- [AVAILABLE RECORDS]:
- - - -

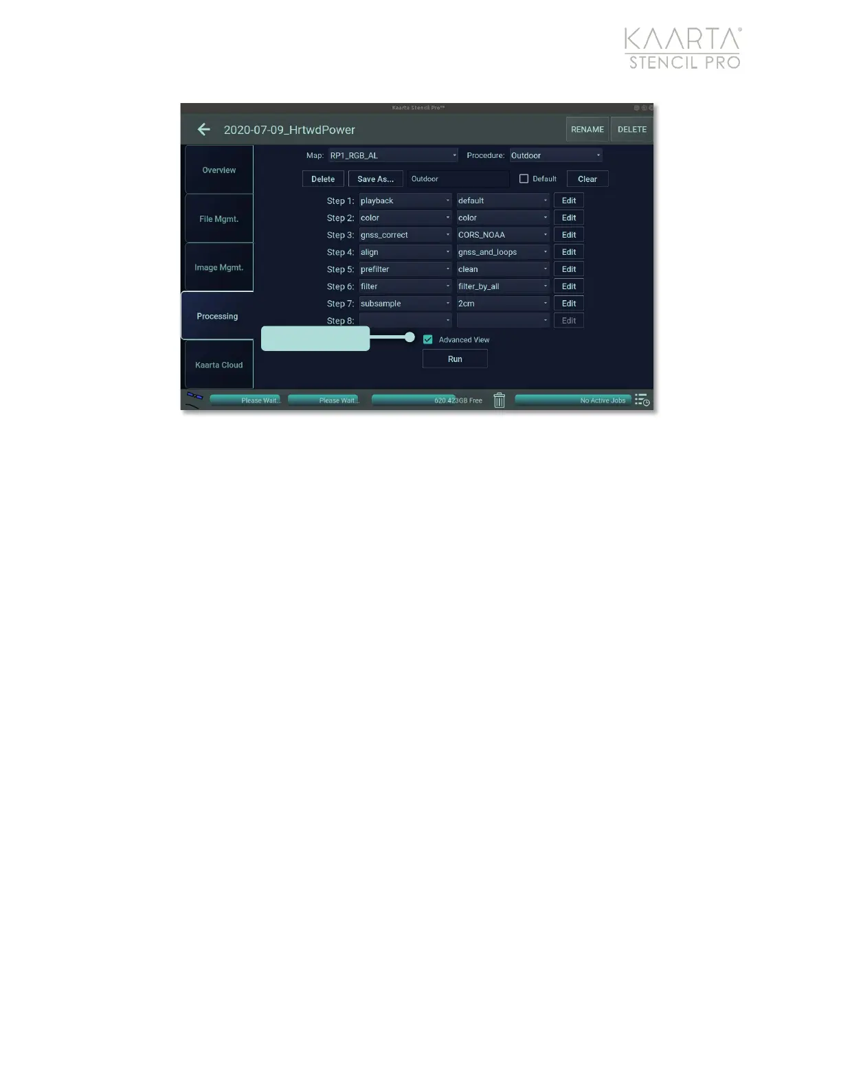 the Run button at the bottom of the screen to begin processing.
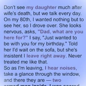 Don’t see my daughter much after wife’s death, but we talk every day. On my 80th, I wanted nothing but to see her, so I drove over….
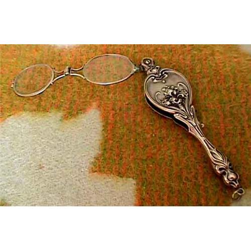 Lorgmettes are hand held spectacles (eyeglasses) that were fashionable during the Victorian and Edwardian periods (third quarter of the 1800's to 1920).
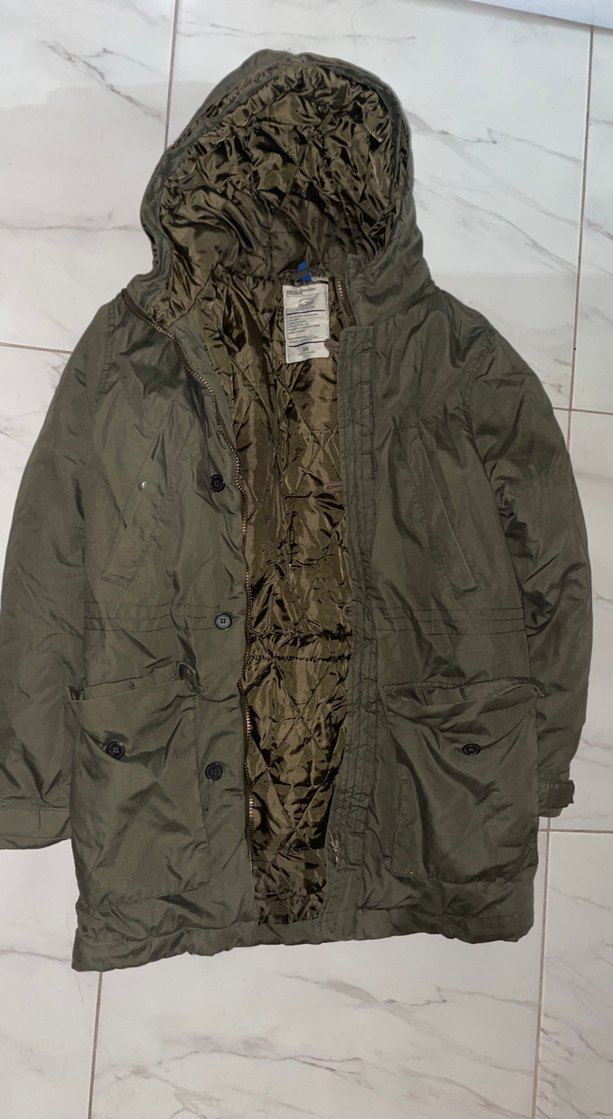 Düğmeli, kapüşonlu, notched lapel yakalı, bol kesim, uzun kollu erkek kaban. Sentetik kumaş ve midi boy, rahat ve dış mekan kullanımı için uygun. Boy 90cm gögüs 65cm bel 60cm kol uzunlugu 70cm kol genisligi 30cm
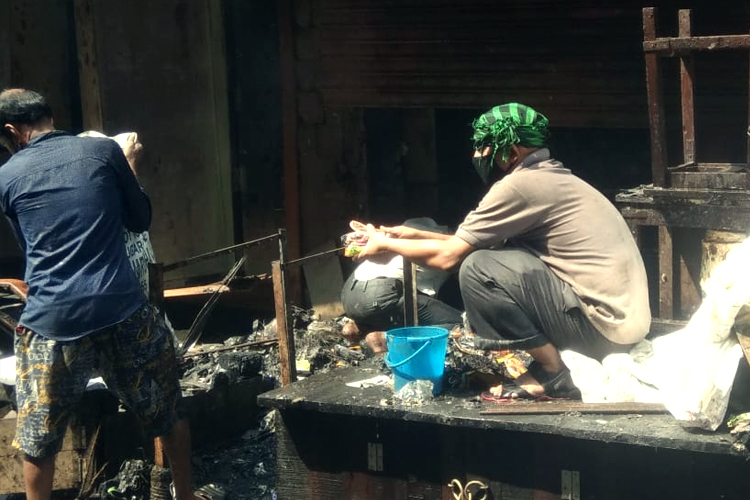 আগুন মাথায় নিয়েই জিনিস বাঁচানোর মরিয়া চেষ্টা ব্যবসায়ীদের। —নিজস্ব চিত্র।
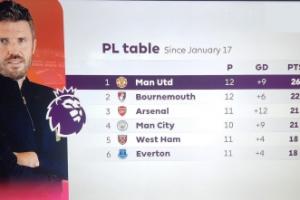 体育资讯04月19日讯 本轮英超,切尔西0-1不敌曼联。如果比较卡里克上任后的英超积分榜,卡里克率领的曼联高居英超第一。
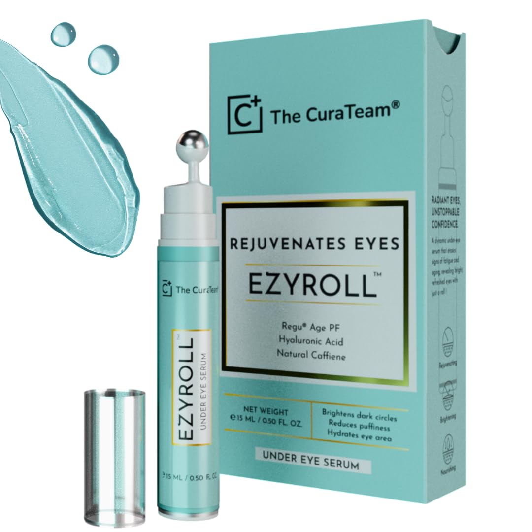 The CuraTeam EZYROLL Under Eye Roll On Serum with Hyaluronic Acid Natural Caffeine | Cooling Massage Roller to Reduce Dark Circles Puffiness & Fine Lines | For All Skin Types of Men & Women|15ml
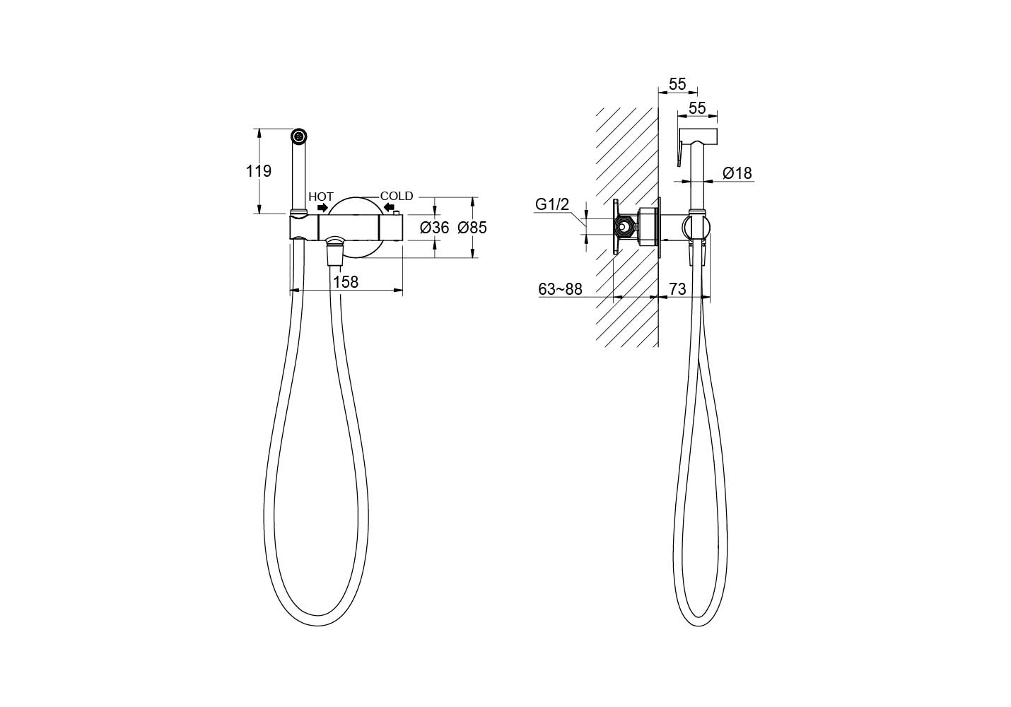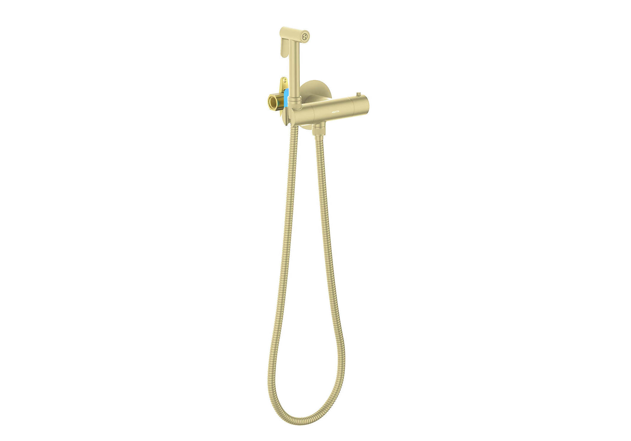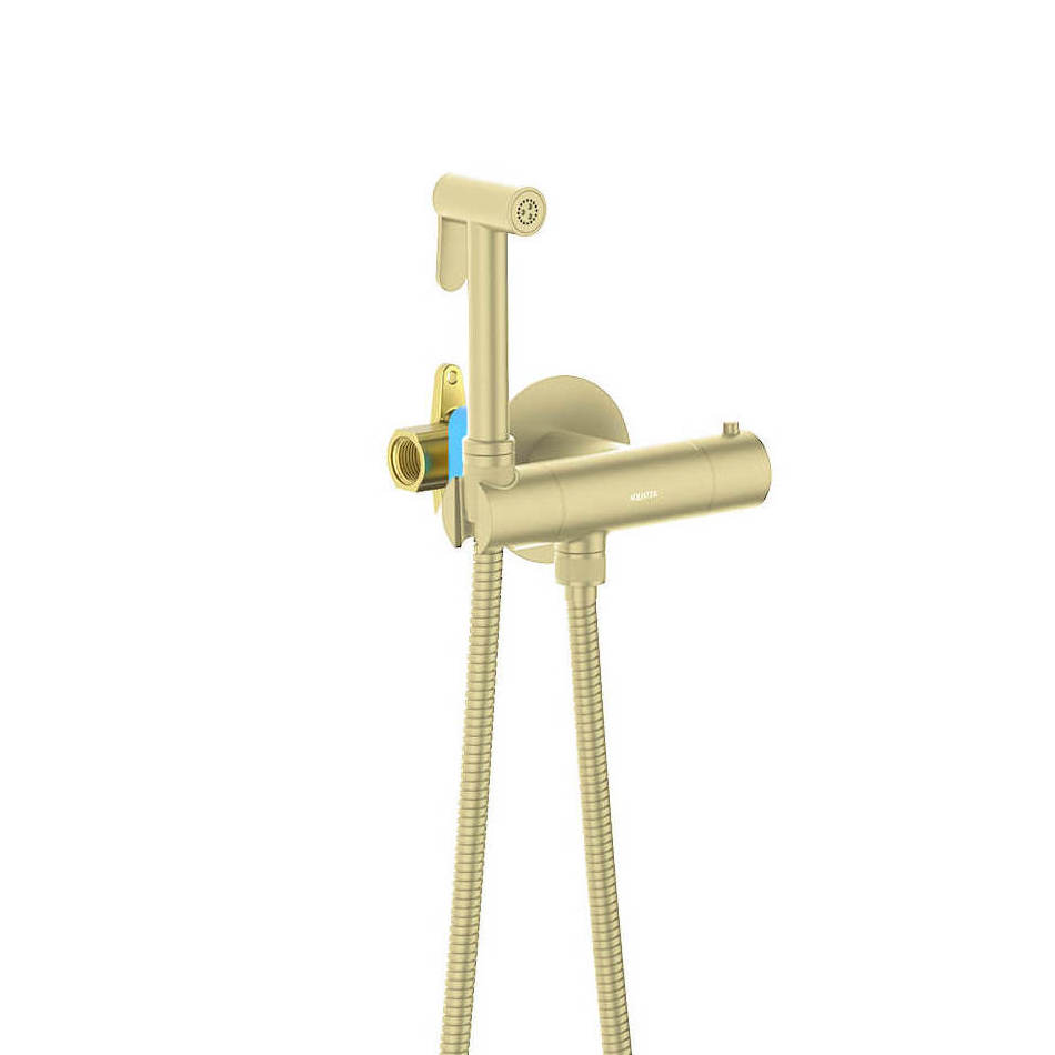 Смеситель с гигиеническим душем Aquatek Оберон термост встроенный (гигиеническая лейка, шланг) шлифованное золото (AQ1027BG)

- - - -

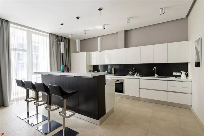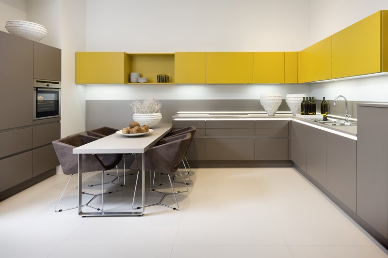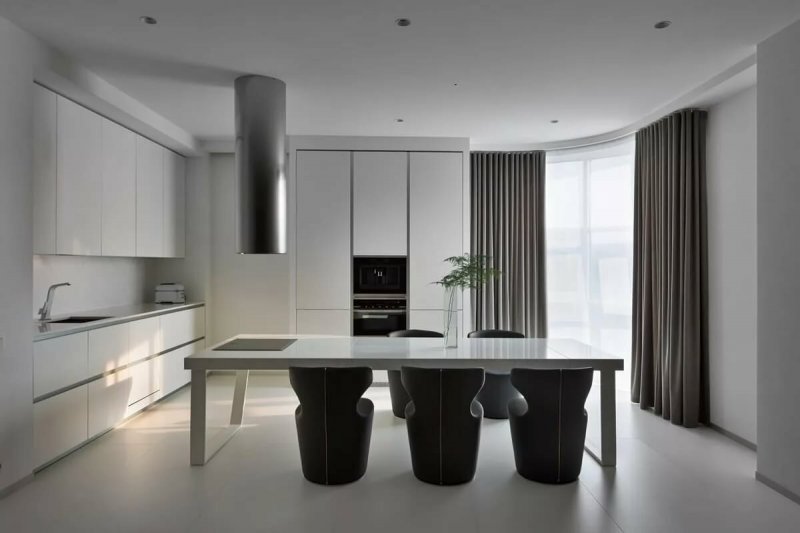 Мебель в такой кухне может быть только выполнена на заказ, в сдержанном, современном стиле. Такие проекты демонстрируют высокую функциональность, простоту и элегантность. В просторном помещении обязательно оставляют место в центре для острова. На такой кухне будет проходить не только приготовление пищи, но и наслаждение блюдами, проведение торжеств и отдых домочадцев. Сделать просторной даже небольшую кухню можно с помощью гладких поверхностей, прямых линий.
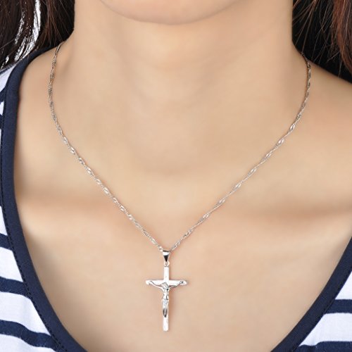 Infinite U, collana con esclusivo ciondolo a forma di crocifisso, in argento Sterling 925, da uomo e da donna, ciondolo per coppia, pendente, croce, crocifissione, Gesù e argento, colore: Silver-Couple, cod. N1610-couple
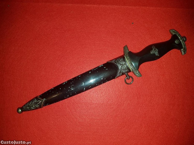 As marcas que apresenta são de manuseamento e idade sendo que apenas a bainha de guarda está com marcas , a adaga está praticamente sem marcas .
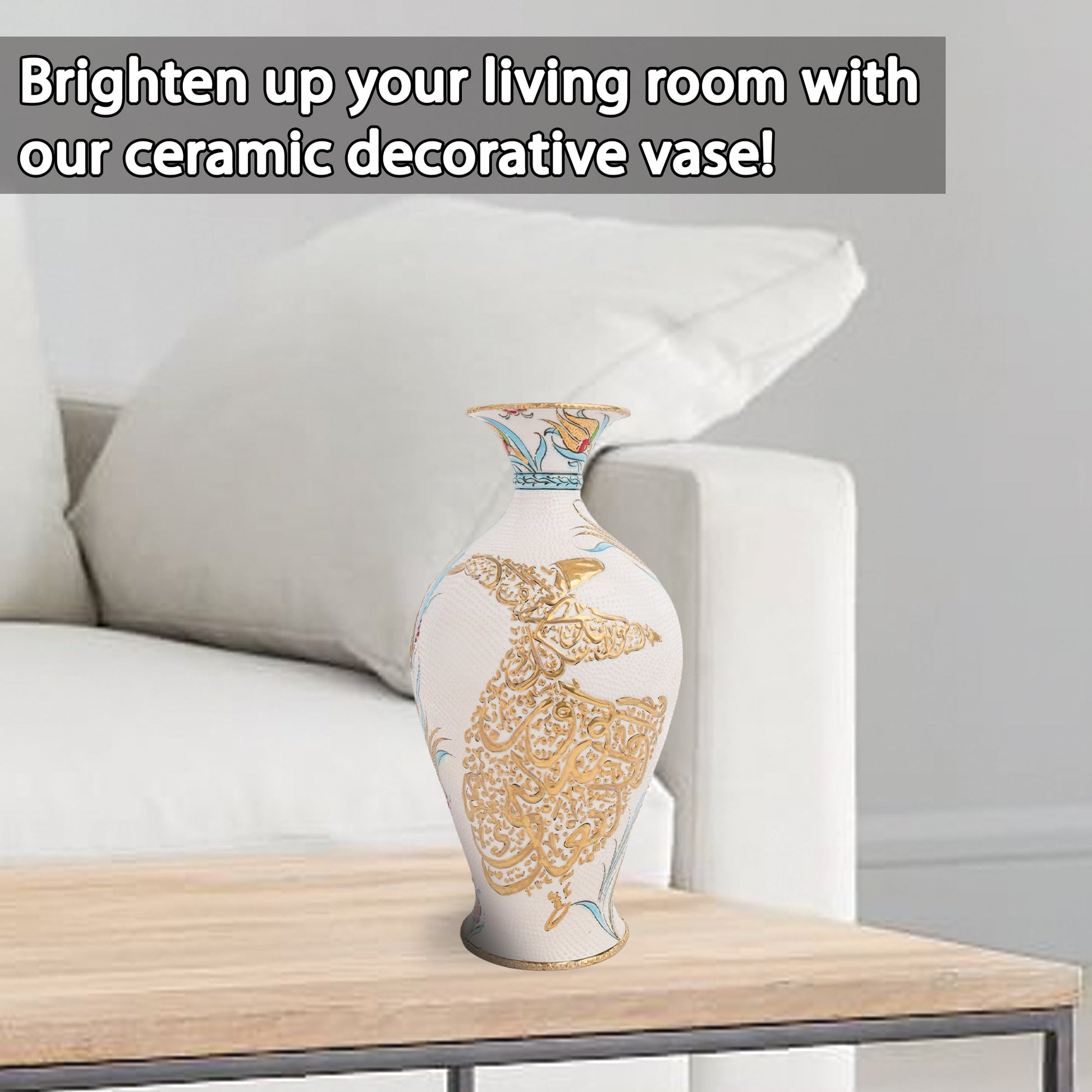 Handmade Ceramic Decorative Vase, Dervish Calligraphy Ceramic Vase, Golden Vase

- - - -

- [WHAT IS BEING ASKED]: Output only the stretch above from the line with "Lorgmettes are hand" through the line with "The CuraTeam EZYROLL", reproduced exactly. Exclude pictures.

- [ANSWER FOR THIS EXERCISE]:
 Lorgmettes are hand held spectacles (eyeglasses) that were fashionable during the Victorian and Edwardian periods (third quarter of the 1800's to 1920).
 Düğmeli, kapüşonlu, notched lapel yakalı, bol kesim, uzun kollu erkek kaban. Sentetik kumaş ve midi boy, rahat ve dış mekan kullanımı için uygun. Boy 90cm gögüs 65cm bel 60cm kol uzunlugu 70cm kol genisligi 30cm
 আগুন মাথায় নিয়েই জিনিস বাঁচানোর মরিয়া চেষ্টা ব্যবসায়ীদের। —নিজস্ব চিত্র।
 体育资讯04月19日讯 本轮英超,切尔西0-1不敌曼联。如果比较卡里克上任后的英超积分榜,卡里克率领的曼联高居英超第一。
 The CuraTeam EZYROLL Under Eye Roll On Serum with Hyaluronic Acid Natural Caffeine | Cooling Massage Roller to Reduce Dark Circles Puffiness & Fine Lines | For All Skin Types of Men & Women|15ml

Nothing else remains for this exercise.